"[...] o inóspito, árido e descurado processo encontra-se estreitamente relacionado com as correntes espirituais dos povos e [...] as suas diversas concretizações devem ser incluídas entre os mais importantes testemunhos da cultura" (F. Klein (1902))



15/02/2019

Jurisprudência 2018 (177)


Recurso; efeito devolutivo:
procedência; efeitos


1. O sumário de STJ 16/10/2018 (923/13.7TBGDM-B.P1.S1) é o seguinte:

I Sendo interposto recurso de uma decisão interlocutória, ao qual seja atribuído efeito devolutivo, o processo continua os seus termos, e decisão assim proferida, embora pendente de impugnação, é imediatamente exequível, tudo se passando no processo, quer a nível do seu andamento, quer ao nível da eficácia do que foi determinado, como se nenhuma impugnação tivesse existido.

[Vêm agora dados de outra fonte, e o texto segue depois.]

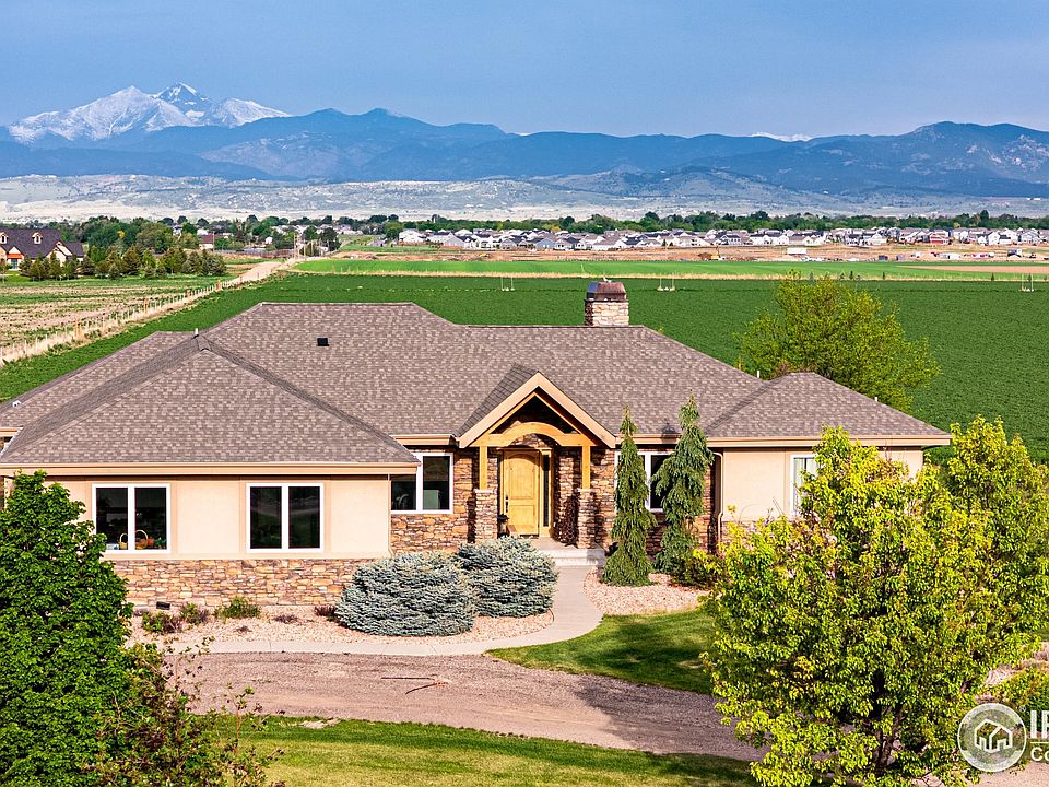 This stunning 77.09-acre property in Berthoud offers a custom 5-bed, 5-bath home with breathtaking mountain views. Featuring expansive agricultural potential, water rights from multiple ditches, and state-of-the-art irrigation, it's perfect for farming or development alike. With multiple outbuildings, greenhouses, and fertile land, this property is a rare opportunity for investors, farmers, or developers looking to expand operations.
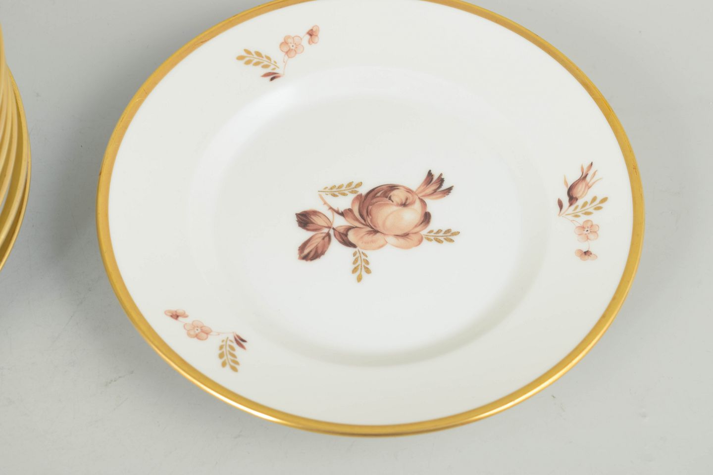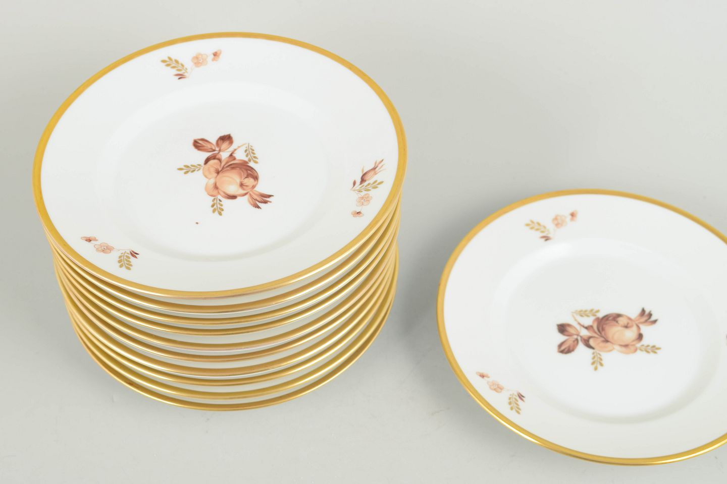 Royal Copenhagen brown rose, set of eleven plates.
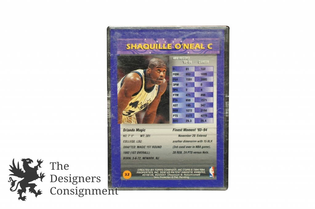 1994 Shaquille O'Neal Basketball Topps Finest Trading Card in Case NBA W/ Film
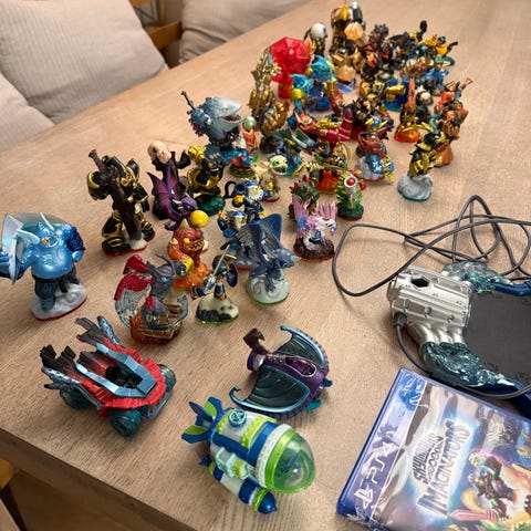 Denne samling indeholder flere Skylanders-portaler, der bruges til at spille Skylanders-spil på forskellige konsoller. Portalerne har USB-kabler til tilslutning og er lavet af plast og elektroniske komponenter. De har varierende designs, med primært blåt og gråt farveskema, og kan bruges til at placere Skylanders-figurer, som aktiveres i spillet, når de er på portalen.
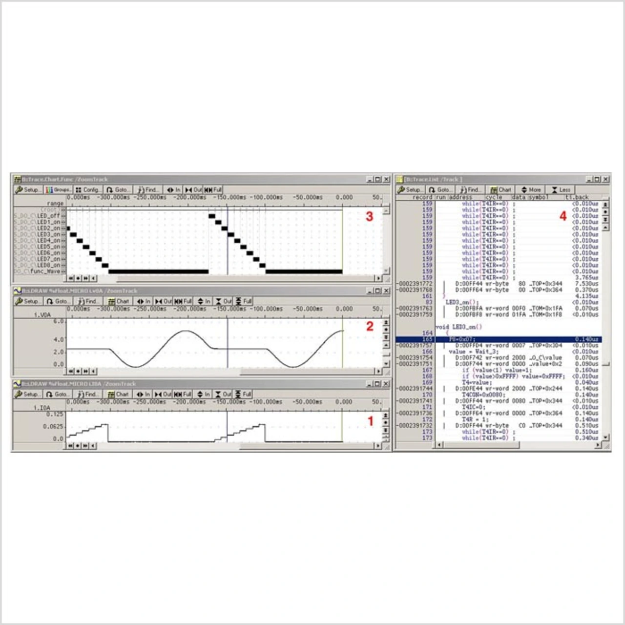 förmig ansteigende Stromverbrauch dargestellt. Die Sinusspannung ist in der Spannungs-Zeit-Kurve (2) zu erkennen. In der Strom- (1), Spannungs- (2) und Chart-Darstellung (3) ist die Funktion „LED3_on“ durch die senkrechte, schwarze Track-Linie markiert. Im „Trace.List“-Fenster (4) ist die entsprechende Programmzeile durch einen blauen Balken gekennzeichnet.
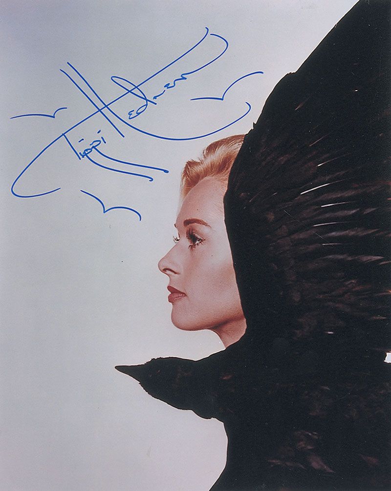 Color satin-finish 8 x 10 photo of Hedren and a large bird flying close by, signed in person in blue felt tip, adding a few quick bird sketches. In very fine condition. Originally obtained by in-person specialist Mike Wehrmann.

II A atribuição ao recurso de um efeito meramente devolutivo, tem muitas vezes consequências perversas de produzir um volte face nas situações jurídicas constituídas: o que é agora determinado, poderá ser alterado por via do resultado final da decisão proferenda em sede recursiva, pois devolve-se o conhecimento da questão ao Tribunal hierarquicamente superior, sobre o qual impende o poder de rever a decisão com o objectivo de a confirmar ou revogar.

III Por assim ser, nunca se poderia ter como transitado em julgado um primeiro despacho que determinou a adjudicação do imóvel aos Autores, aqui Recorrentes, pois o mesmo foi objecto de recurso de Apelação pelo Réu, recurso esse ao qual foi atribuído efeito devolutivo, e subsequentemente, na reapreciação efectuada pelo Tribunal da Relação veio a ser proferido Acórdão a julga-lo procedente, tendo sido revogado o mesmo e ordenada a sua substituição por outro a reverter a situação primitivamente criada, no âmbito e exercício dos poderes do Tribunal da Relação em sede recursória.

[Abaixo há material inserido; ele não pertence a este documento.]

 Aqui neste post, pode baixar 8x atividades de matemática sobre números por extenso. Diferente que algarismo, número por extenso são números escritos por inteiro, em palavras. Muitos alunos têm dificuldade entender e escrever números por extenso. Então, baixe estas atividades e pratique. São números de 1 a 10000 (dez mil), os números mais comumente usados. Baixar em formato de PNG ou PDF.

2. Na fundamentação do acórdão afirma-se o seguinte:

"II A única questão que se coloca no âmbito da presente Revista é a de saber se transitou ou não em julgado a decisão que adjudicou aos Autores o imóvel.

Mostra-se provado o seguinte iter processual com interesse para a decisão:

- Os Autores, aqui Recorrentes, instauraram acção de divisão de coisa comum contra os Réus, Recorridos, alegando a indivisibilidade do imóvel constituído por um prédio urbano (…), pretendendo o fim da indivisão,e requerendo a sua adjudicação.

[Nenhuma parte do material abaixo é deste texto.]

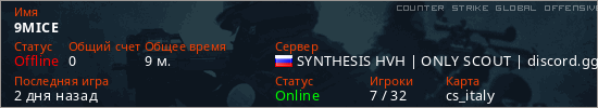 Играет на Counter Strike Global Offensive сервере. Страна: РоссияПервый раз замечен 17:07 11.04.2026
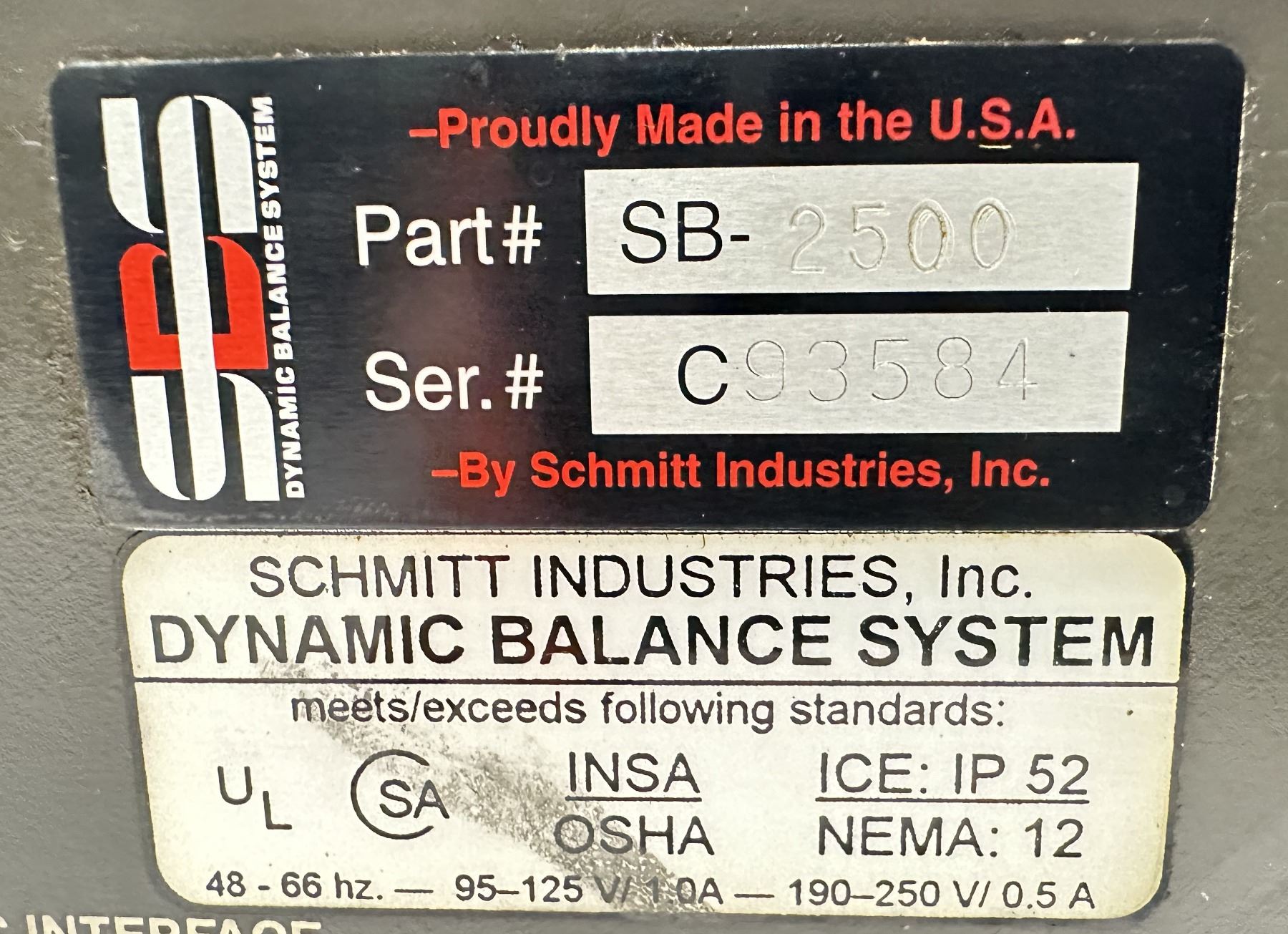 Schmitt Industries Dynamic Balance System #SB-2500 Controller

- Foi celebrada transacção, homologada por sentença transitada em julgado, em que as partes acordaram nos seguintes termos:

“1. As partes acordam que o prédio deverá permanecer indiviso.

2. Os réus prescindem do pedido quanto à usucapião.

3. As partes acordam que a área do prédio é de 1.462 m2.

4. Acordam em proceder à venda judicial, com início pela venda por propostas em carta fechada e com o valor mínimo, fixado na perícia, de € 64.712,74.

5. As partes acordam prescindir do prazo de trânsito.

6. Custas em partes iguais”.

- Designado dia para a abertura de propostas em carta fechada, apresentaram os Autores uma proposta no valor de € 66.200,00 e o Réu apresentou a proposta no valor de € 70.200,00, que foi aceite.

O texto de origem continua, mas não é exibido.